We fancied a few bevvies in the sunshine to talk the afternoon away. Bodrum is a town of two halves divided by the castle. Like London the east end is the rougher, dominated by Bar Street, a procession of cheap and cheerful bars and hassle shops patronised by the foreign tourists who either board in that part of the town or have ventured in from Gümbet. The west end is swanky and obscenely expensive. The exemplar bar is Fink a lavish watering hole dominated by an enormous overhanging sparkly red chandelier suspended from a graceful arched crane. The elegantly carved gate is guarded by a platoon of huge, brooding bouncers. Only the moneyed sort gain entrance.

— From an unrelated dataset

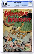Cover pencils by Irwin Hasen, inks by Bernard Sachs. "The Olympics of Terror," script by Robert Kanigher, art by Harry G. Peter; Deception tries to get the other planets to help him invade Earth, but Wonder Woman challenges all their champions to Olympic style games. "The Talking Tiara," script by Robert Kanigher, art by Harry G. Peter; Origin of Wonder Woman's magic tiara which allows her to understand all languages. The Dazzling Dolls text article. "The Missing Wonder Woman," script by Robert Kanigher, art by Harry G. Peter; Wonder Woman gets amnesia and has to discover her own secret identity. Wonder Women of History Gail Laughlin bio by Julius Schwartz. 36 pages, Full Color. Cover price $0.10.
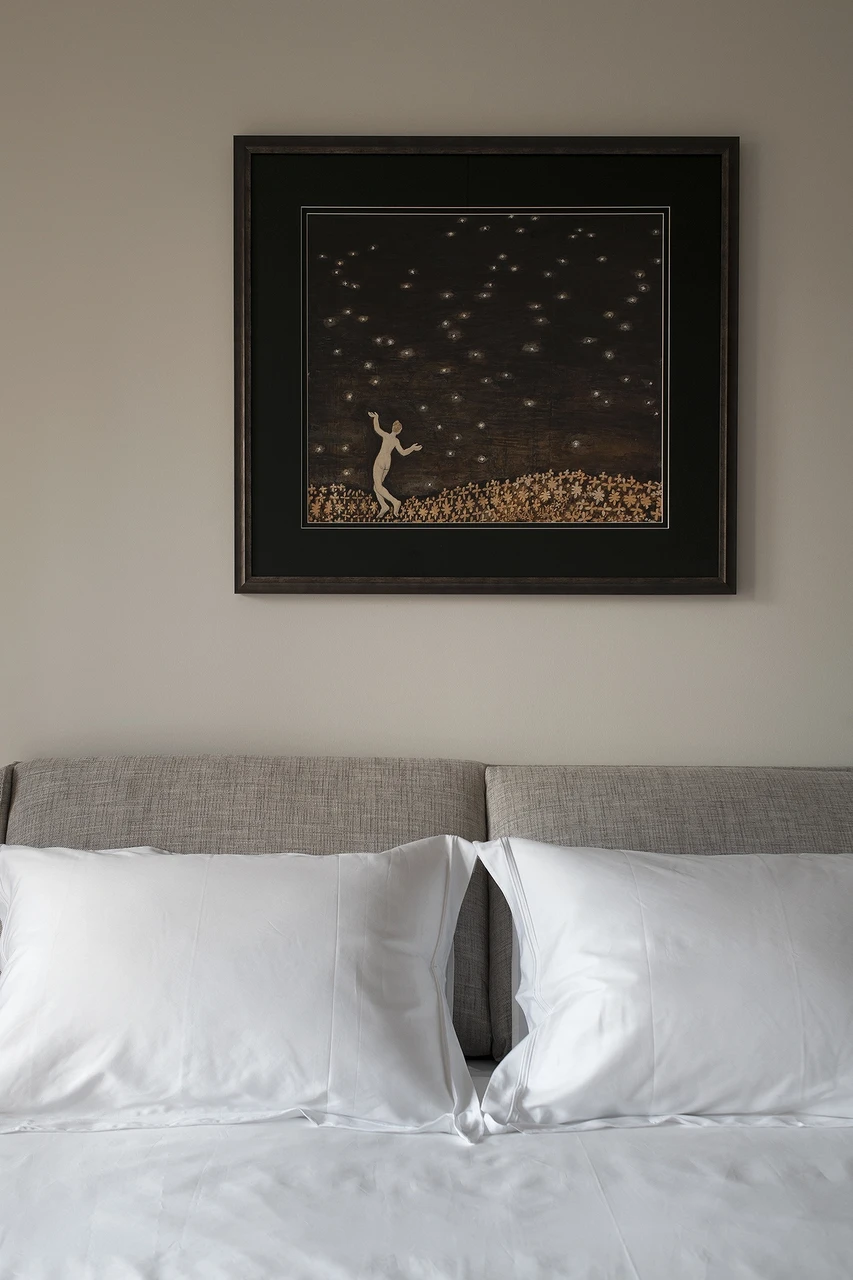 puude kohinat, vaadata mänglevat valgus-varjude vaheldumist. Seda õhustikku toetab valitud sisustus, mis on looduslähedane, käsitööd austav ja materjalidekäsitlus kergelt kore, üldmuljes kerge ning õhuline. Tonaalsus on peamiselt hele, struktuurid veidi jõulised, juures terrakota-tooni aktsente ning näpuotsaga retrolikkust vormides ning kroomitud detailides . Eesmärk oli luua rahulik kodune keskkond, mis annaks linnakärast eemaloleku tunde.

The bar is set above the street enabling the seriously loaded to look down on the plebeians passing by below.

I Fink It’s Fantastic

We prefer the east end by day where totty watching is more fruitful and the drink prices more palatable. We generally frequent Café S Bar, an unrefined little watering hole opposite the town beach. A rainbow flag hangs proudly alongside the ubiquitous Cross of St George, Cross of St Andrew, Irish tricolour and Welsh Dragon. Everyone’s welcome regardless. You may be lucky to watch the owner, Ozzie, strip down to his tight trunks and dive into the shallow waters, weapon in hand, looking to spear the catch of the day. I’m not sure if this is a serious expedition or just done to impress the girls and some of the boys. It certainly impresses me. Unlike the bar, the toilets can be dry so a number two is not recommended.